The third elementary school fifth grade mathematics second volume "broken line statistical chart" courseware.
Teaching objectives:
1, so that students can understand the meaning of patterns, learn to find a set of data patterns, and understand the statistical significance of patterns.
2. According to the specific situation of the data, choose appropriate statistics to represent the different characteristics of the data.
3. Experience the wide application of statistics in life, so as to clarify the purpose of learning and cultivate interest in learning.
Key points and difficulties:
1. key: understand the meaning of the pattern, and you will find the pattern of a set of data.
2. Understand the difference between average, median and mode, and make simple prediction or decision based on statistical data.
Teaching aid preparation:
Projection.
Teaching process:
First, import
Question: What statistics have we studied in statistics? (Students recall) It is pointed out that earlier, we had a certain understanding of some statistical data such as average and median. Today, we continue to learn about statistics.
Second, the implementation of teaching
1. Show the example of 122 in the textbook.
Question: What do you think is the proper height for an athlete?
Students discuss in groups and then send representatives to speak and report.
Students will come to the following conclusions:
The calculated average value of (1) is 1.475, and it is considered that the height close to 1.475m is more suitable.
(2) The median of this set of data is 1.485, and the height is close to1.485 m.
(3) The height of most people is 1.52m, so the height of 1.52m is more appropriate.
2. The teacher pointed out that in the above data set, 1.52 has the highest frequency and is the mode of this group of numbers. Patterns can reflect the concentration of a set of data.
3. Question: What are the connections and differences among mean, median and mode?
Students compare, summarize and communicate in their own language.

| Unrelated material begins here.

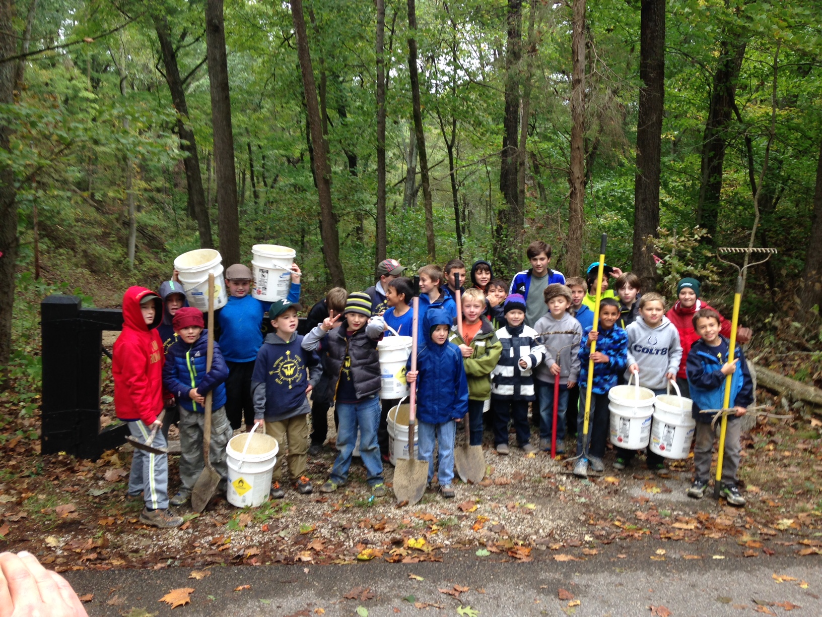 During Zionsville Pack 105 Fall Camporee at Spring Mill State Park, our Cub Scouts completed a service project. We worked with the Park’s Property Manager to determine their needs.We decided on a trail rehab project.

The teacher concluded that mean, median and mode can be used to describe the concentration trend of a group of data, and their description angles and ranges are different. In specific problems, what kind of statistics are used to describe the concentration trend of a group of data should be determined according to the characteristics of the data and the problems we care about.
4. Guide students to complete the "doing" on page 123 of the textbook.
Students finish independently and talk about their own suggestions according to their own life experience.
5. Complete the questions 1, 2 and 3 of Exercise 24 on page 124 of the textbook.
Students independently calculate the average, median and mode, and communicate collectively.
Third, thinking training.
Xiaojun conducted a sampling survey on the number of plastic bags used in 8 residential buildings within one week. The situation is as follows.
(1) Calculate the average, median and mode of the number of plastic bags used by 8 households in a week. (You can use a calculator)
(2) According to the number of plastic bags they use, predict the number of plastic bags used by residents in the building (***72 households) within one month.